Preparation and administration of retinoids

R667 (palovarotene, CAS410528-02-8)⁽¹⁷⁾ and NRX 204647⁽¹³⁾ are RARγ agonists and were synthesized by Atomax Chemicals (Shenzhen, China). RARγ antagonists CD2665 (CAS 170355-78-9)⁽¹⁸⁾ and MM11253 (CAS345952-44-5)⁽¹⁹⁾ were purchased from Tocris Biosciences (Bristol, UK).
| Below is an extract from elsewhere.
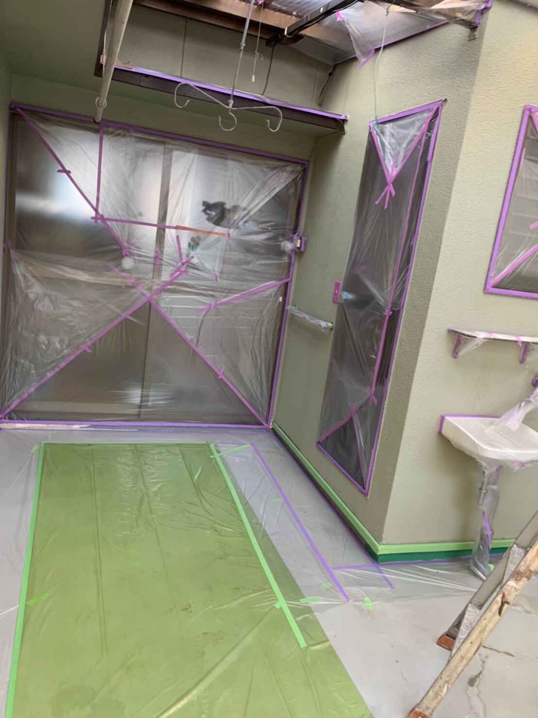 その後養生をし下塗りを塗って行き、フッ素専用中塗りで塗装後フッ素専用上塗りで塗装を行いました。

RARγ antagonist 7a was synthesized by Atomax Chemicals (Shenzhen, China) according to the world patent application WO 2005/066115 A2. The concentrations of retinoids used for animal experiments were 1 mg/kg for NRX 204647 and 4 mg/kg for all other compounds unless indicated. Stock solutions of retinoids in DMSO (D2650; Sigma-Aldrich, St. Louis, MO) were stored at −30°C under argon. Before administration, 30 μl aliquots of stock solution were mixed with 70 μl of corn oil (C8267; Sigma-Aldrich, St. Louis, MO) for each dose, and administered to mice by oral gavage using a 20-gauge gavage needle (Fine Science Tools, Foster City, CA) at indicated time points. Vehicle control mice received 30 μl DMSO plus 70 μl corn oil in the same manner.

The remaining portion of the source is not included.